▸ **Material provided**

#####

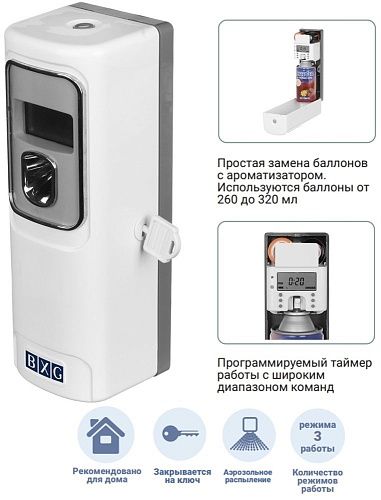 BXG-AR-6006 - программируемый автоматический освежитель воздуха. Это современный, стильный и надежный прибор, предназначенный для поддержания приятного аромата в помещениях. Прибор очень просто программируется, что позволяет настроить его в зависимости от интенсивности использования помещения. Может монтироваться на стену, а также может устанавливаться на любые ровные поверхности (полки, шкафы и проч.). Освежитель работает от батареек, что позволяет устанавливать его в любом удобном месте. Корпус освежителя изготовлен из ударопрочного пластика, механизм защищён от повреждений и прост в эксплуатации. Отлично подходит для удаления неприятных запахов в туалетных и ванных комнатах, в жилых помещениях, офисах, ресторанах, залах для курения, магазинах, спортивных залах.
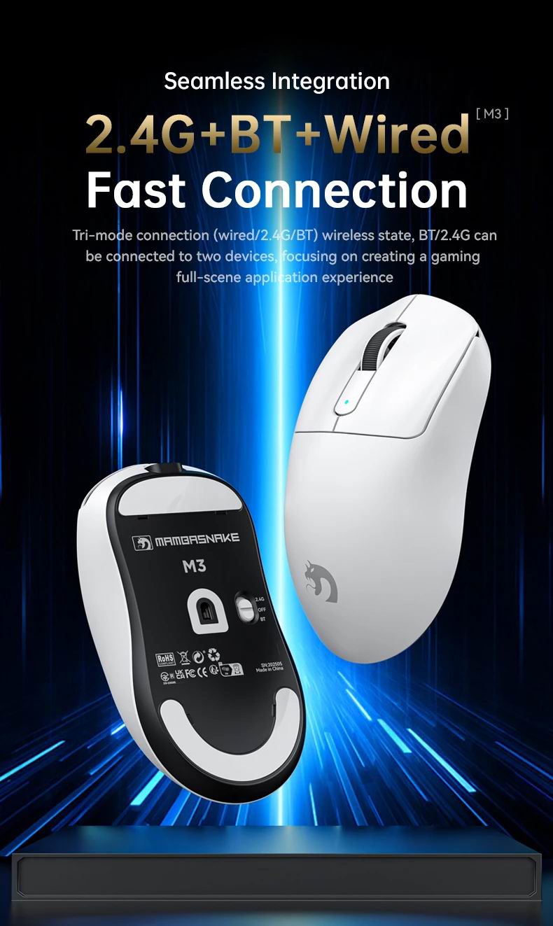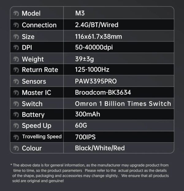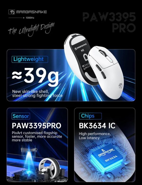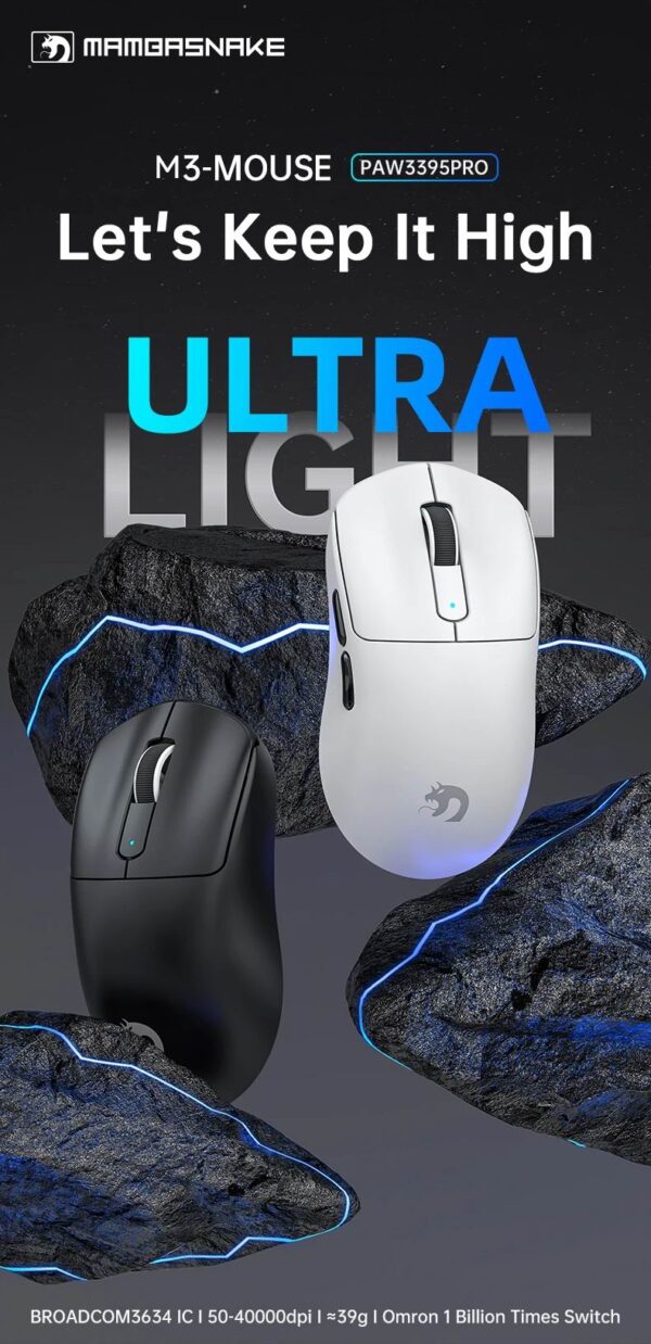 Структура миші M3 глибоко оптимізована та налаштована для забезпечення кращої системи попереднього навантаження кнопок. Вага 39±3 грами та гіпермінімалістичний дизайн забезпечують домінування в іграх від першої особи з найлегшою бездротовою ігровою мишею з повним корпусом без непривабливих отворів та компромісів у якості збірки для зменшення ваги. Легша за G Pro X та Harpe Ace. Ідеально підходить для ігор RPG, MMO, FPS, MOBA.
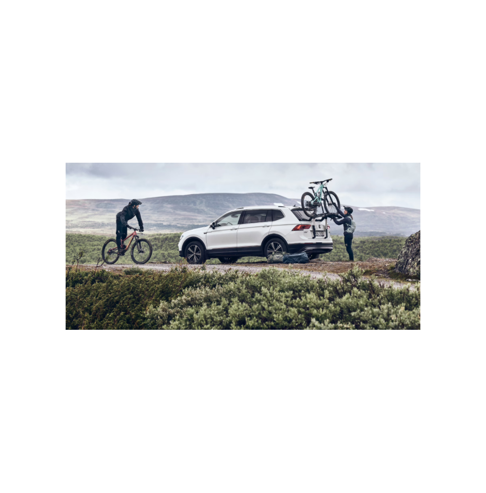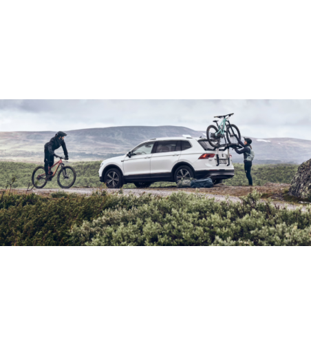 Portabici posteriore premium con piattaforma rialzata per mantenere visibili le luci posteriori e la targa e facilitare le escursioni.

#####

▸ **How to complete this task**
Reproduce the listing above exactly, without a single picture.

▸ **Answer space**
 BXG-AR-6006 - программируемый автоматический освежитель воздуха. Это современный, стильный и надежный прибор, предназначенный для поддержания приятного аромата в помещениях. Прибор очень просто программируется, что позволяет настроить его в зависимости от интенсивности использования помещения. Может монтироваться на стену, а также может устанавливаться на любые ровные поверхности (полки, шкафы и проч.). Освежитель работает от батареек, что позволяет устанавливать его в любом удобном месте. Корпус освежителя изготовлен из ударопрочного пластика, механизм защищён от повреждений и прост в эксплуатации. Отлично подходит для удаления неприятных запахов в туалетных и ванных комнатах, в жилых помещениях, офисах, ресторанах, залах для курения, магазинах, спортивных залах.
 Структура миші M3 глибоко оптимізована та налаштована для забезпечення кращої системи попереднього навантаження кнопок. Вага 39±3 грами та гіпермінімалістичний дизайн забезпечують домінування в іграх від першої особи з найлегшою бездротовою ігровою мишею з повним корпусом без непривабливих отворів та компромісів у якості збірки для зменшення ваги. Легша за G Pro X та Harpe Ace. Ідеально підходить для ігор RPG, MMO, FPS, MOBA.
 Portabici posteriore premium con piattaforma rialzata per mantenere visibili le luci posteriori e la targa e facilitare le escursioni.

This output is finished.